→ Try it: Write out the lines below exactly, beginning at the one with "As an umbrella" and stopping after the one with "北園 ニ美子さんを姓名の画数から五運を鑑定"; the pictures are not copied.

Start of Exercise materials

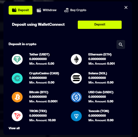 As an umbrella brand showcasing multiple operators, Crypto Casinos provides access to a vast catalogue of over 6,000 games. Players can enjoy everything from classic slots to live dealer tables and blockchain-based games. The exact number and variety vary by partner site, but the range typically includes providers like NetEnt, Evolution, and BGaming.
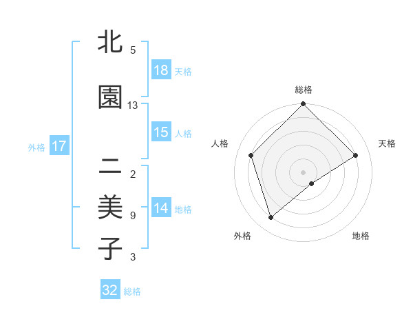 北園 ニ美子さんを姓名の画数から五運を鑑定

End of Exercise materials
Start of Exercise materials

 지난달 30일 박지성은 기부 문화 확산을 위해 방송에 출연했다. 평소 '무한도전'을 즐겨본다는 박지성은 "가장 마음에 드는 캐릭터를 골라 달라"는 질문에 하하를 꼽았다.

End of Exercise materials
Start of Exercise materials

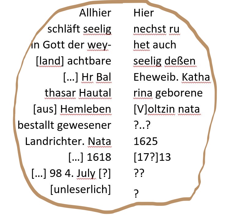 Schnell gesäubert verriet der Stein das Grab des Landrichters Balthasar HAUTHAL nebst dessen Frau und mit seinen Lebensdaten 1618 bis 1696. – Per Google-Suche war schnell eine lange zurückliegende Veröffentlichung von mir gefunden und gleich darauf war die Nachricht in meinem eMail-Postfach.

End of Exercise materials

→ Task answer:
 As an umbrella brand showcasing multiple operators, Crypto Casinos provides access to a vast catalogue of over 6,000 games. Players can enjoy everything from classic slots to live dealer tables and blockchain-based games. The exact number and variety vary by partner site, but the range typically includes providers like NetEnt, Evolution, and BGaming.
 北園 ニ美子さんを姓名の画数から五運を鑑定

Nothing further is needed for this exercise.